The Anticybersquatting Consumer Protection Act, 15 U.S.C. 1125(d), is the federal law that gives trademark owners a civil claim against persons who act with a "bad faith intent to profit" from registering domain names that are identical or confusingly similar to protected marks. Remedies available to a prevailing trademark owner include an award of statutory damages of up to $100,000 per domain name, plus costs and attorneys' fees in some cases. Losing an ACPA case can ruin your day.
Congress softened the harshness of the ACPA by including a safe harbor for domain registrants who "believed and had reasonable grounds to believe that the use of the domain name was a fair use or otherwise lawful," 15 U.S.C. 1125(d)(1(B)(ii). To date, courts have been very stingy with this defense. In Audi AG v. D'Amato, 469 F.3d 534 (6th Cir. 2006), the Sixth Circuit remarked that the safe harbor defense is available "only in the most unusual cases." In Virtual Works Inc. v. Volkswagen of Am. Inc., 238 F.3d 264 (4th Cir. 2001), the Fourth Circuit held that a domain registrant who acts even partially in bad faith is not entitled to the safe harbor. The intent of these cases is clear: cybersquatters won't be allowed to escape liability merely by professing a pure heart or mustering a decent argument that their use of the plaintiff's mark was fair or lawful.
The Ninth Circuit's decision yesterday in Lahoti v. Vericheck Inc., No. 08-35001 (9th Cir., Nov. 16, 2009), is in the same vein as Audi AG and Virtual Works. In Lahoti, the court said that the domain registrant was not entitled to claim the safe harbor defense because it was "unlikely that he legitimately believed that his use of the Domain Name was wholly lawful in this case."
Wholly lawful. To my ear, "wholly lawful" is much more demanding than the language that Congress wrote, which is "believed and had reasonable grounds to believe that the use of the domain name was a fair use or otherwise lawful." But three federal appellate panels clearly feel otherwise. "Wholly lawful" is a tough standard for anyone to meet, and it proved insurmountable for a garden-variety cybersquatter like Lahoti. The bill of particulars against him:
- Lahoti registered <vericheck.com>, a domain identical to the plaintiff's "Vericheck" Georgia state service mark.
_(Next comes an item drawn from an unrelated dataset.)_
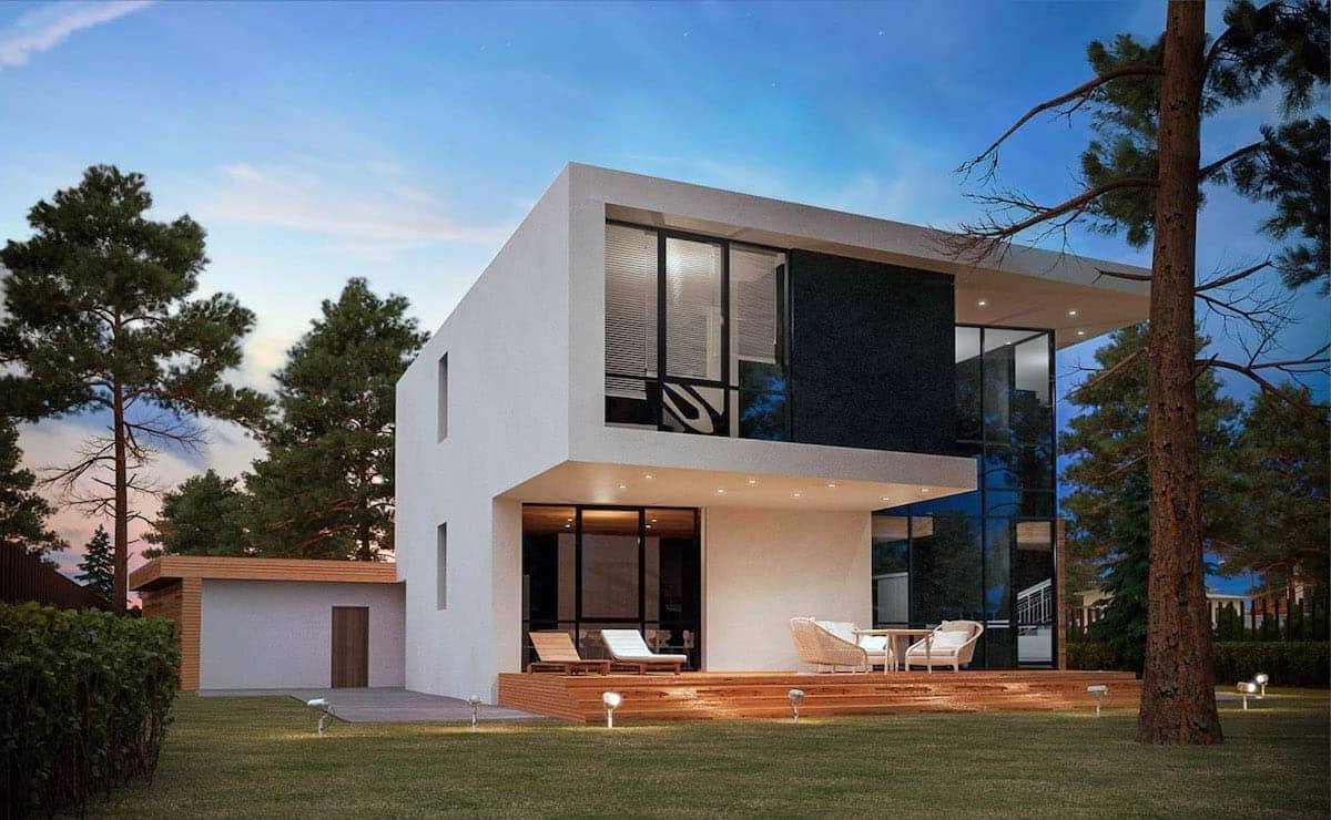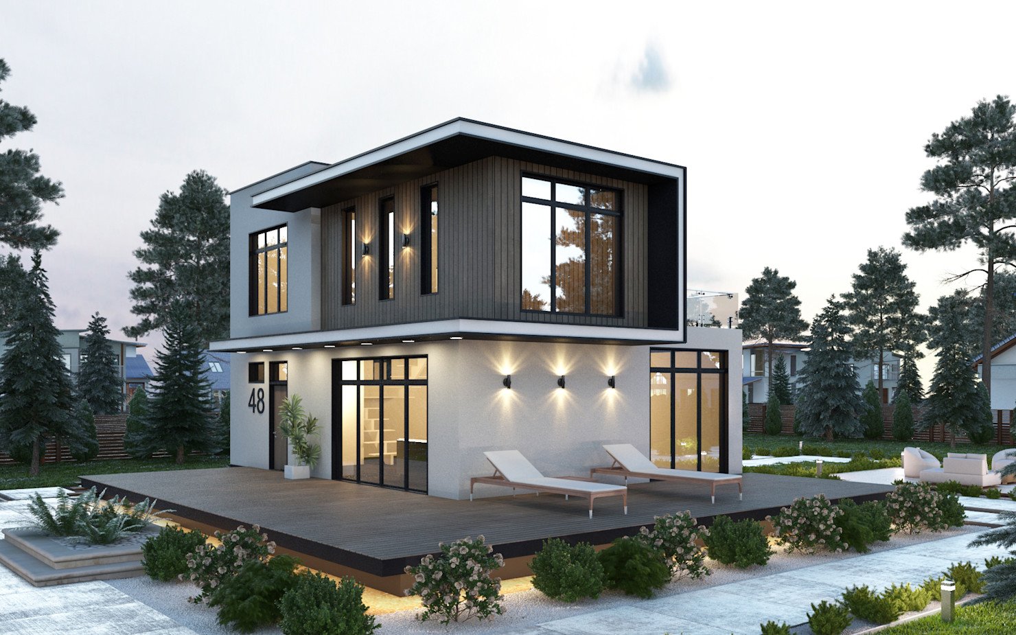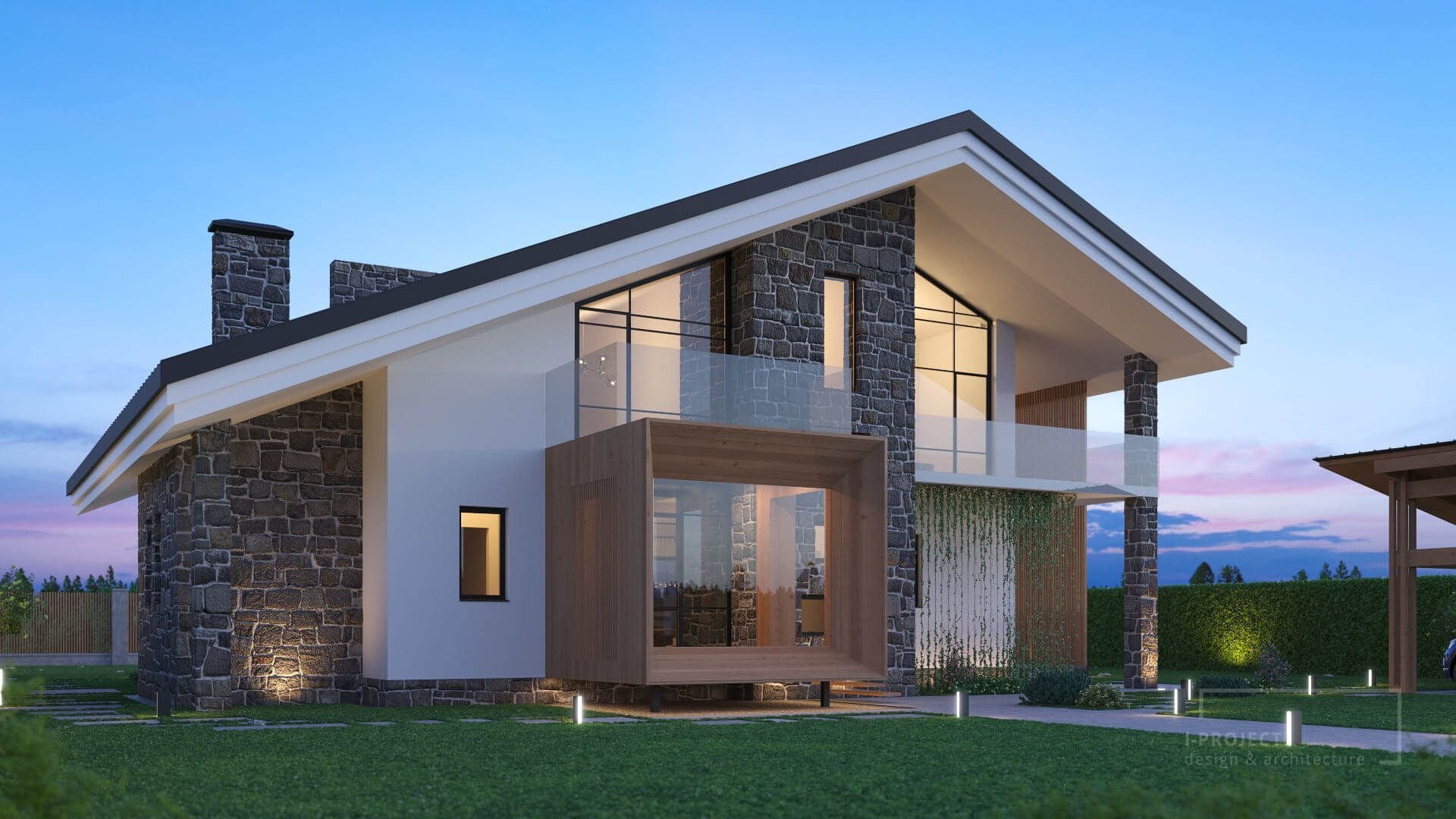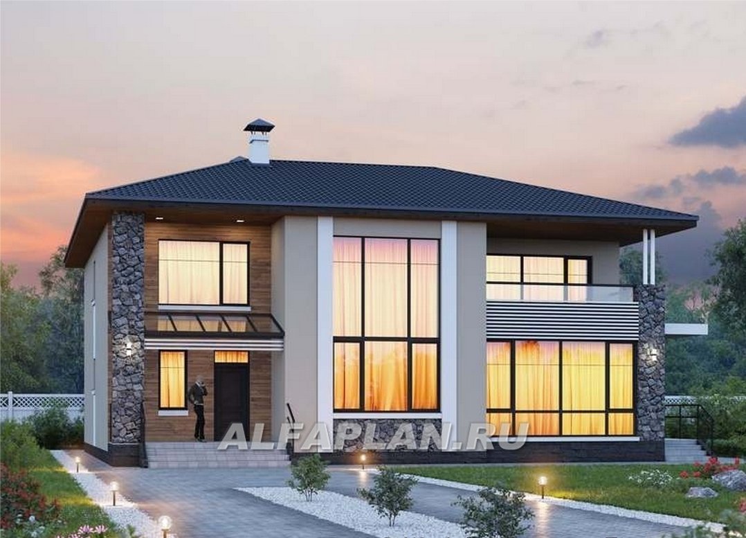 Дом с панорамными окнами двухэтажный из пеноблоков

- Lahoti published a collection of outbound links (some pointing to the plaintiff's competitors), not a legitimate offering of goods and services, at the <vericheck.com> domain name.
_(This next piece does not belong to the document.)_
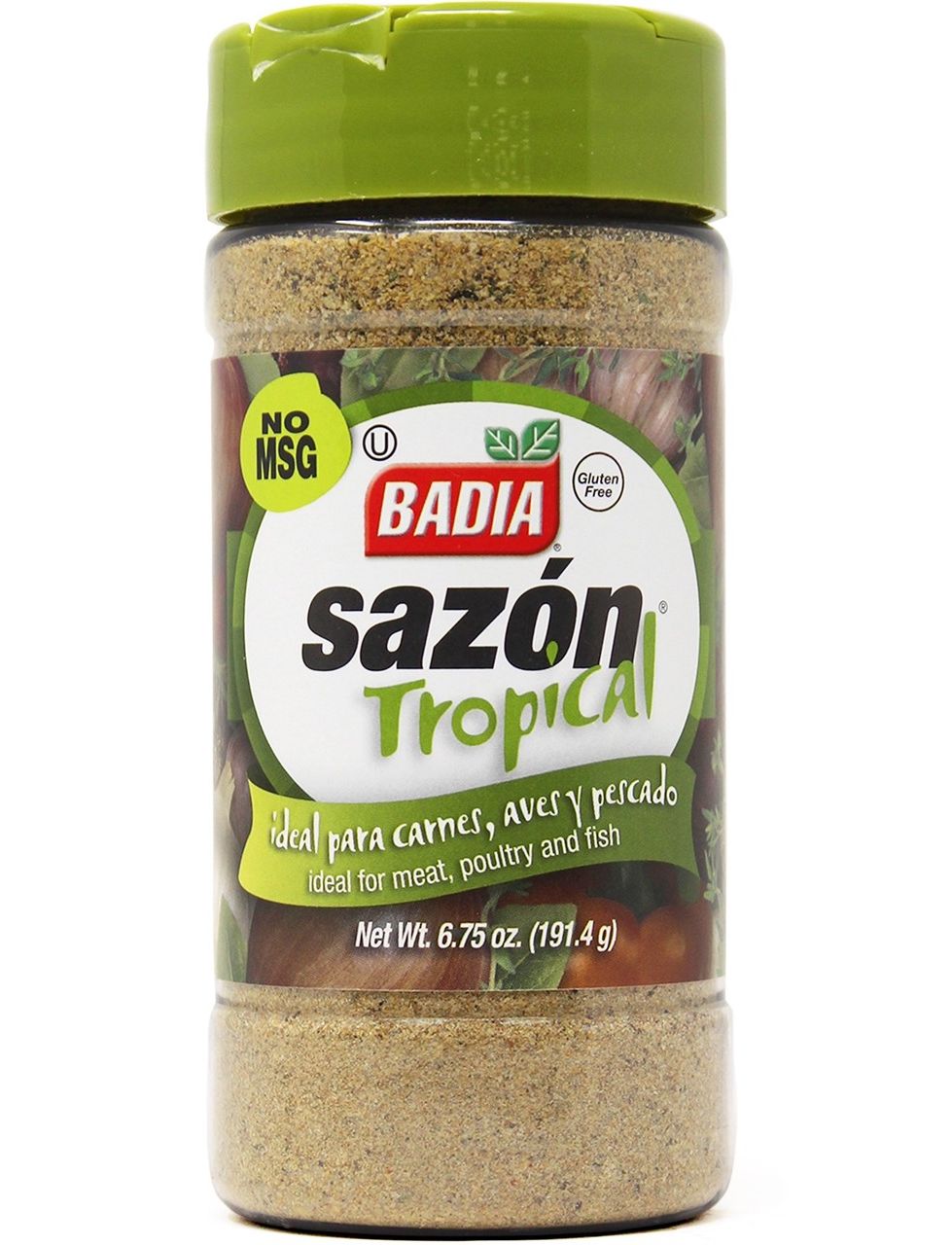 Додайте до свого улюбленого рецепту 1 чайну ложку Badia Sazón Tropical® на кожні 1/2 фунта яловичини, птиці, риби або морепродуктів.

- Lahoti offered to sell the domain name to the plaintiff for $72,500.
- Lahoti had been adjudicated a cybersquatter in other judicial proceedings.
In most courts' estimation, the above factors are tell-tale signs of a dark, bad faith, cybersquatter heart. In fact, these factors would form the core of any decent "what not to do" list for domainers.
Now, as it turns out, the lower court made a couple legal errors when it ruled that the VeriCheck mark was a "distinctive" mark (and thereby protectable under the ACPA). The appellate court discussed at length how an arguably generic or descriptive mark might become "distinctive," and it sent the case back to the lower court for reconsideration.
So this was a close case as far as whether or not the plaintiff's mark is distinctive enough to support an ACPA claim. However, in this court's estimation, it wasn't a close case as far as whether Lahoti's behavior met the "wholly lawful" standard:
As we see the record, there is no genuine appellate issue on Lahoti’s bad faith. He has made his cybersquatter bed and now cannot persuasively challenge the district court’s conclusion that he must lie in it. A different case might be presented if Lahoti had a genuine business marketing service for which the Vericheck name was an aid, but there was no credible evidence of that here, nothing but his self-serving affidavit.
A reasonable person in Lahoti’s position—that is, a reasonable person who had previously been declared a cybersquatter in a judicial proceeding—should have known that his actions might be unlawful. Lahoti has previously advanced, unsuccessfully, the same trademark defenses he argues here, including the claim that the mark at issue was only descriptive and that he is entitled to the safe harbor. Lahoti’s failed defenses in these other cases make it unlikely that he legitimately believed that his use of the Domain Name was wholly lawful in this case.
The message I take from this language is that if you have been adjudicated a cybersquatter in a prior proceeding, or you are in the "domaining" or domain name speculation business, you had better knock down the trademark owner's claim to a protectable interest in the mark because you will never convince a court that your registration of the domain was "wholly lawful." Close doesn't count in cybersquatting.